I meant to install the vent ducts earlier to ensure that nothing interferes.  Unfortunately, I ran the pilot’s side headset wires right through the duct path.  They’re not long enough to route over the duct, so I’ll have to route them under it.  It’s not that big a deal, but you should install these as soon as the panel goes in to avoid running into any interference later.  Most things have some flexibility about how they’re routed, but these can pretty much only run here.

Worked on Interior Lights and Seat Heaters

I wanted to make some more progress on the interior lights, but I first needed to determine if I have to shorten the LED light strip that will illuminate the glare shield.  Although the light strip is shorter than the edge of the glare shield, I wanted to make sure the end lights weren’t visible since the glare shield curves down on each end.  In order to determine that though, I needed to install the glare shield trim.  I determined the centerline and clamped the template in place to mark the holes.

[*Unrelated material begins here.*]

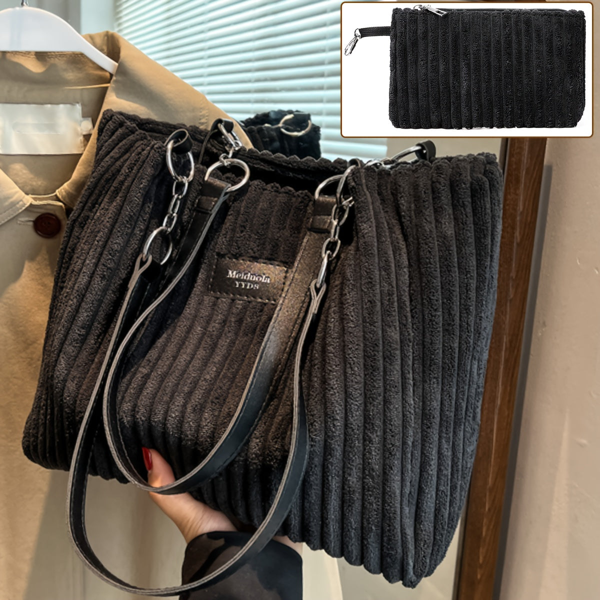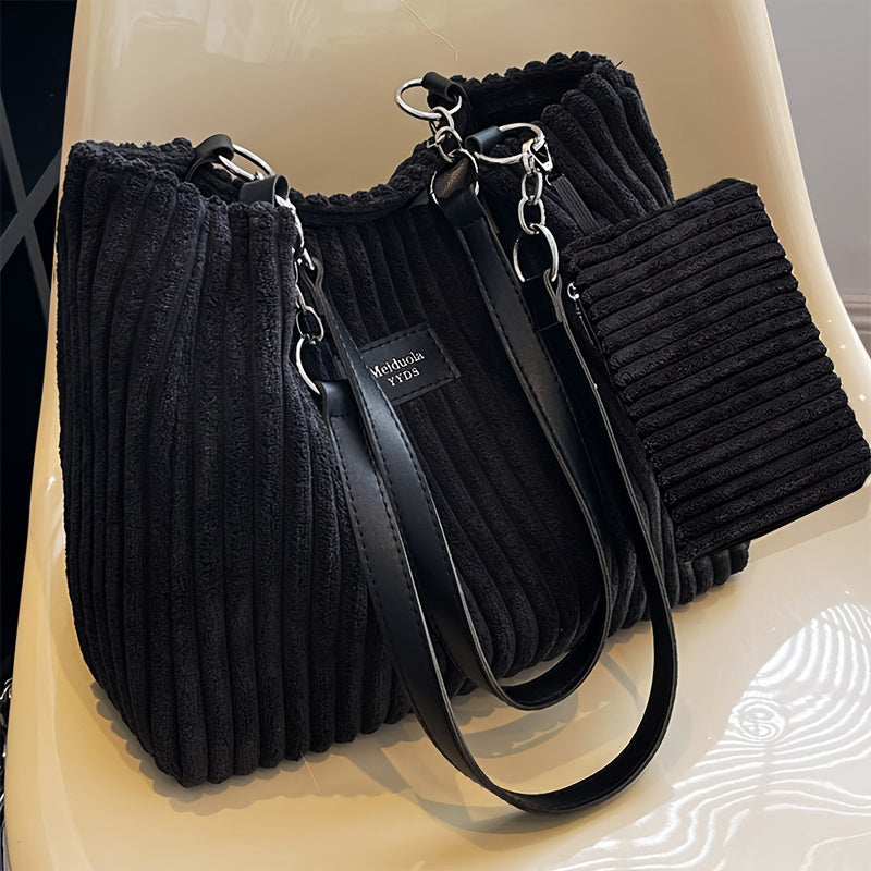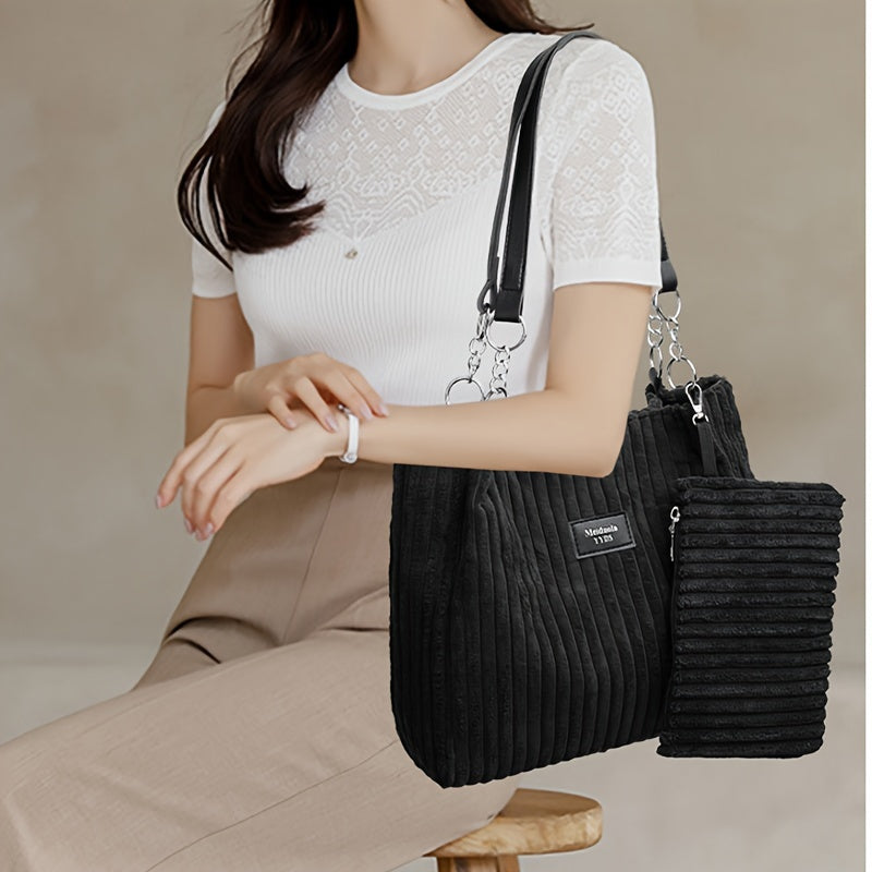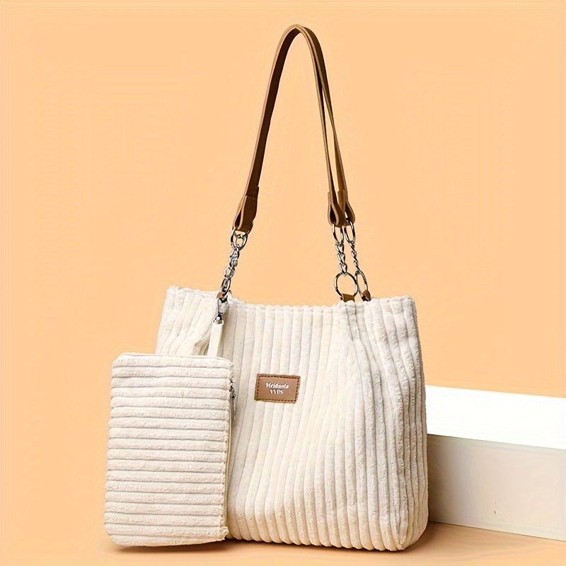 Perfect Lily Women's 2pcs Corduroy Tote & Handbag Set - Elegant Large Capacity Handbags with Zipper Closure, Fixed Strap & Polyester Lining, Beige/White/Green/Black, Versatile for Daily Commute, Work, Shopping - Durable Cordu
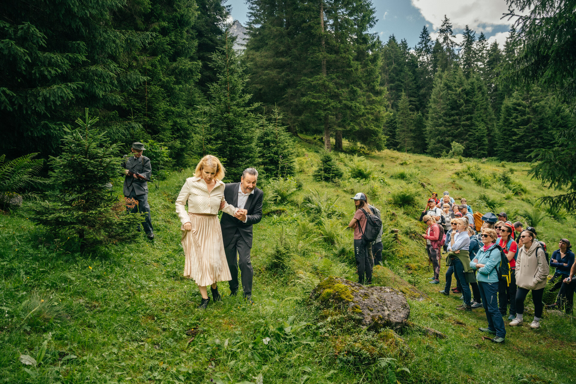 Apropos: Das legendäre Grandhotel Madrisa, 1905 errichtet, beherbergte zahlreiche Größen der Vergangenheit. So kommt es, dass einige Spielszenen gleich hier auf der Hotelterrasse stattfinden, auch das nahe Hotel Heimspitze und besondere Aussichtspunkte sind spielerisch ins Stück eingebunden. Gerade diese genauen Recherchen rund um die zitierten Begebenheiten und Personen der Geschichte zählen zu den großen Qualitäten des Stücks, so dass der Ort Gargellen nie „nur“ Kulisse, sondern immer Teil der Geschichte ist. Und neben gebührend ernsthaft gespielten Szenen sind es die übermütigen Sequenzen, die stark in Erinnerung bleiben. Zum Beispiel jene letzte am Gitzistee, ein übergroßer Findling auf einer Alpwiese, dem die Schauspieler auf's Dach steigen, um eine hinreißend „zickig“ getanzte Performance als Latein sprechende Gämsen hinzulegen.

I then drilled the holes and mounted the glare shield trim.  This is padded and has a nice french seam on the facing edge.  I then sat in the plane to determine if the trim will hide all of the lights in the LED light strip.  Fortunately, it does and I can go ahead and install it.

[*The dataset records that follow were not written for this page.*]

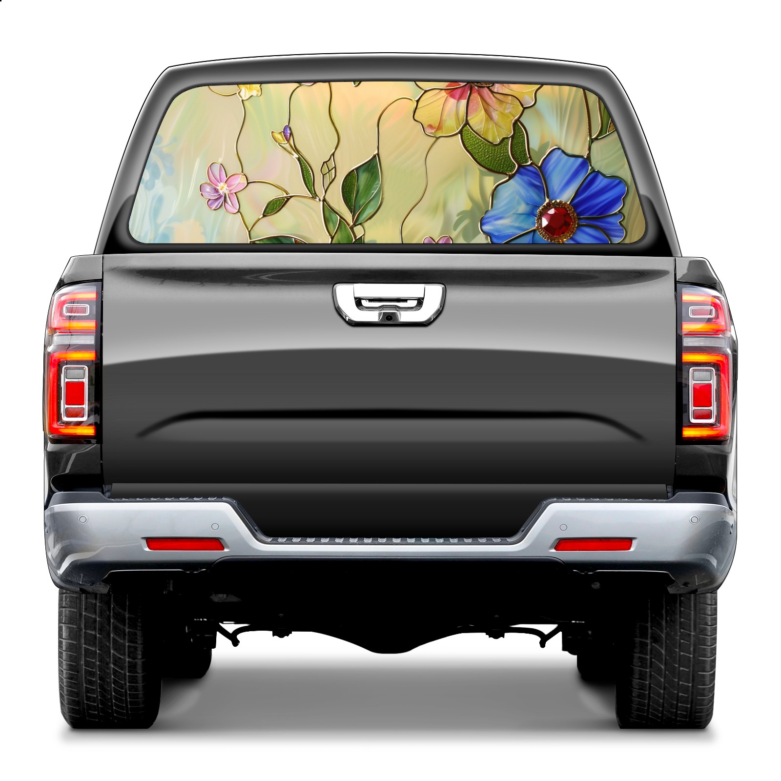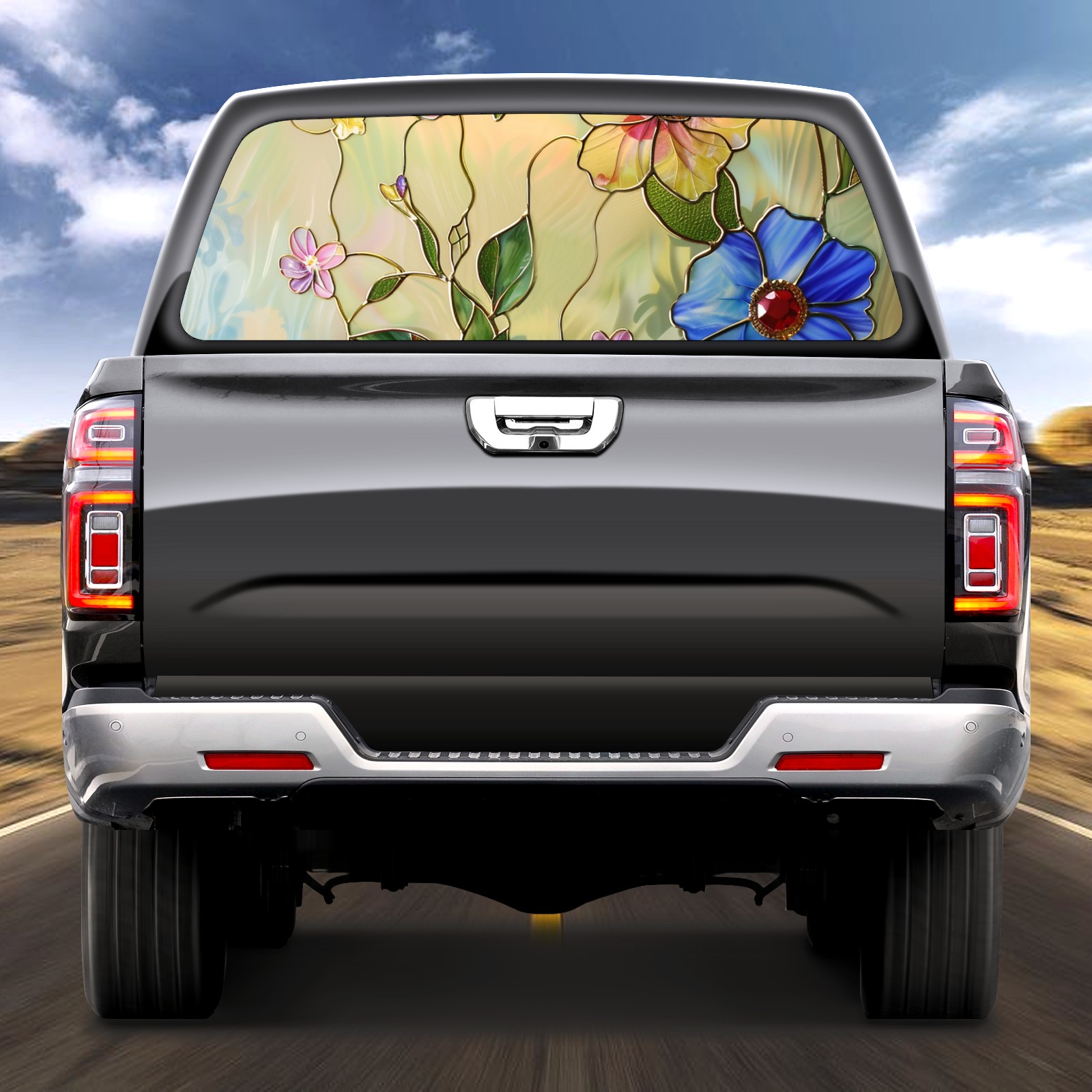 Truck Rear Window Graphics Decals Pickup Trucks Back Window Sticker Full Window Film Decal One Way Visual Waterproof Car Rear Tint White Lilies (7)
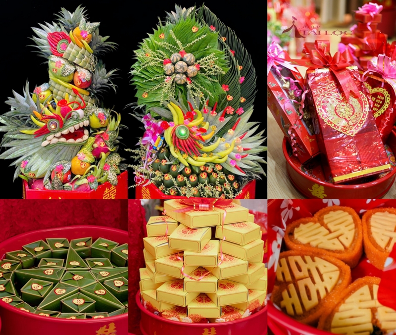 2.Trước ngày làm lễ bên Tài Lộc sẽ giao quả đến tận nhà trước nhưng mâm đồ khô như : –Trầu cau, trái cây, rồng phụng ,bánh phu thê,bánh pía, trà rượu , đèn…
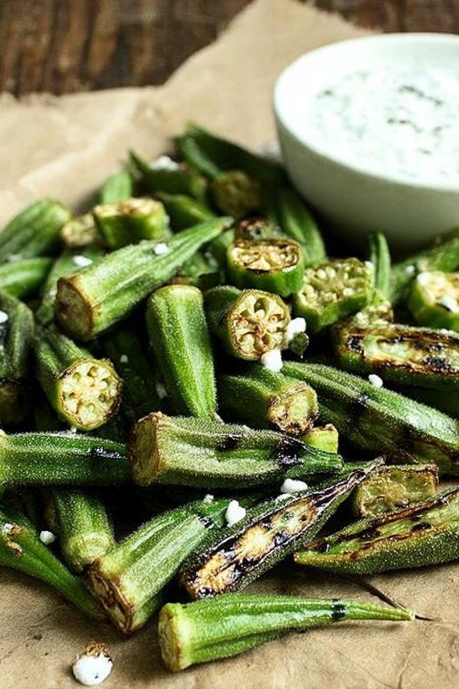 - Sirva o quiabo quente acompanhado do ranch de jalapeño para mergulhar. O contraste do picante cremoso com o sabor tostado do legume na brasa funciona demais.
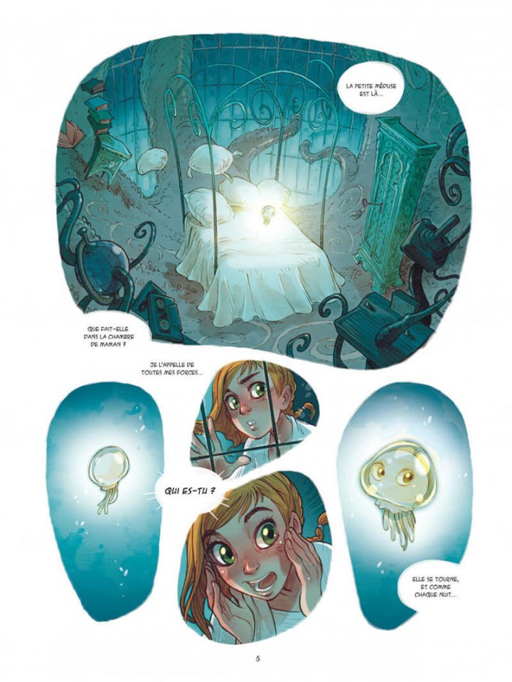 Comment évoquer le fait d’avoir perdu un enfant à sa progéniture? Un sujet sensible à aborder, souvent assez tabou. Giovanni Di Gregorio décide de s’emparer ce sujet pour l’évoquer avec une partie de magie et d’onirisme. Sarah sent que ces rêves avec les méduses sont en lien avec sa mère. Et au fur et à mesure, cette sensation va devenir réelle et trouver un sens. Une façon délicate d’aborder la mort d’un enfant et la difficulté de s’en remettre. Une parole qui peut se partager avec la famille pour partager sa souffrance et la remplir d’amour. Le fait d’aborder cette thématique avec une partie de fantastique permet l’alléger le sujet. Et de montre aussi qu’une famille peut se composer d’une mère qui élève ces trois filles seules et soutenue par deux amies. Un choix loin du cliché trop fréquent en bd jeunesse. L’audace se trouve aussi du côté graphique. Alessandro Barbucci qui a déjà à son actif « Sky Doll », « Monster Allergy », « Ekhö monde miroir« … Le merveilleux est encore au rendez-vous avec cet univers vaporeux, lumineux, classique et à la fois moderne. On tourne les pages avec curiosité car on est prend plein les yeux. Le scénario est lui aussi tiré au cordeau. Un ensemble qui donne envie de retrouver cette tribu dans une nouvelle aventure.
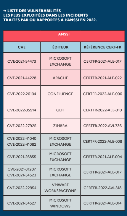 ANSSI yearly report: France's cybersecurity agency ANSSI has published its yearly activity and threat report for the year 2022. The report is only available in French for now, but English versions are also published in the following days. APTs continued APTing, basically. The list of top exploited vulnerabilities, as seen by the agency, is below.
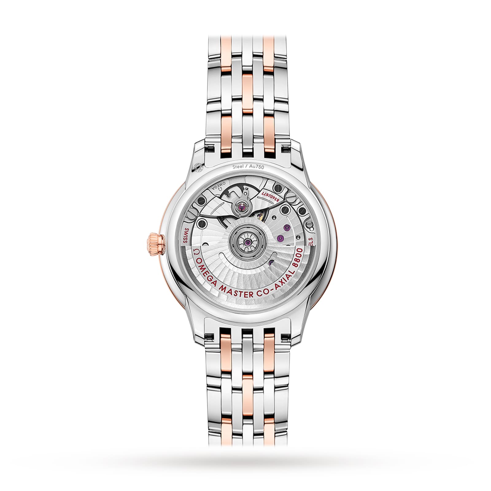 This Master Chronometer certified watch is presented on a stainless steel - Sedna™ Gold bracelet and is driven by the OMEGA Master Co-Axial Calibre 8800, which can be admired through the scratch-resistant sapphire crystal caseback.

I determined the centerline of the light strip and then adhered it in place.  I’ll paint these mounting screws to match the surrounding surface before installing the trim permanently.

On the left end of the light strip, I installed some nylon sleeving and heat shrink tubing and then tucked it behind the brace.

I used some E6000 to adhere the cable in the channel.  The cable will exit the canopy through a hole in the brace that I need to drill.

I used some popsicle sticks and tape to hold the cable down in the channel while the E6000 cures.  I’ll finish routing the wire after that.

I decided to get back to the seat heater wiring.  I need the cables coming from the seats to be easily removable whenever the seats are removed. I picked up some power jacks from Radio Shack and wired up a couple of these adaptors.

I then drilled a couple of 5/16″ holes in the inboard seat ribs and seat pan on both sides.

Here is the adaptor installed.  I then ran the wires for the right seat heater, hooked them up and verified proper operation.

I’ll use these corresponding plugs on the ends of the cables coming from each seat bottom and seat back.

Started Wiring Interior Lights

I spoke with Dynon this morning and they were already aware of the reverse trim issue.  The fix will require software updates to both the Dynon SkyView and the VP-X, but those aren’t out yet.  It’s not blocking anything for me right now, so I’ll just wait for the updates.

I moved ahead and finished the power and ground wires for the seat heaters.  I *think* this will be the last ground wire that attaches to the firewall ground block.

Next up, I started wiring the interior lights.  I had been planning on wiring the cabin lights (in the roll bar support channel) directly to the battery bus so that I can turn them on without turning on the master switch.  I originally ordered a linear dimmer module from Perihelion Design.  This has the nice feature that when the knob is turned off, the dimmer draws absolutely no power.  A while back though, I decided to switch to a PWM dimmer from pilotlights.net.  The dimmer provides a much smoother and more linear brightness ramp, but unfortunately, it draws between 6 and 13 mA even when the output is open.  At 13 mA, that would completely drain my battery in ~54 days, but it would drain enough power to affect starting in quite a bit less time.  I don’t really see a way around this since the dimmer has to be connected prior to the switch that routes power to either the white or green cabin lights, so there’s no way to shut off power to the dimmer if it’s wired directly to the battery bus.  I’ve decided to just move the cabin lights to the interior lights circuit on the VP-X.  This will eliminate the current drain, but will unfortunately mean I will have to turn on the master switch to turn on the cabin lights.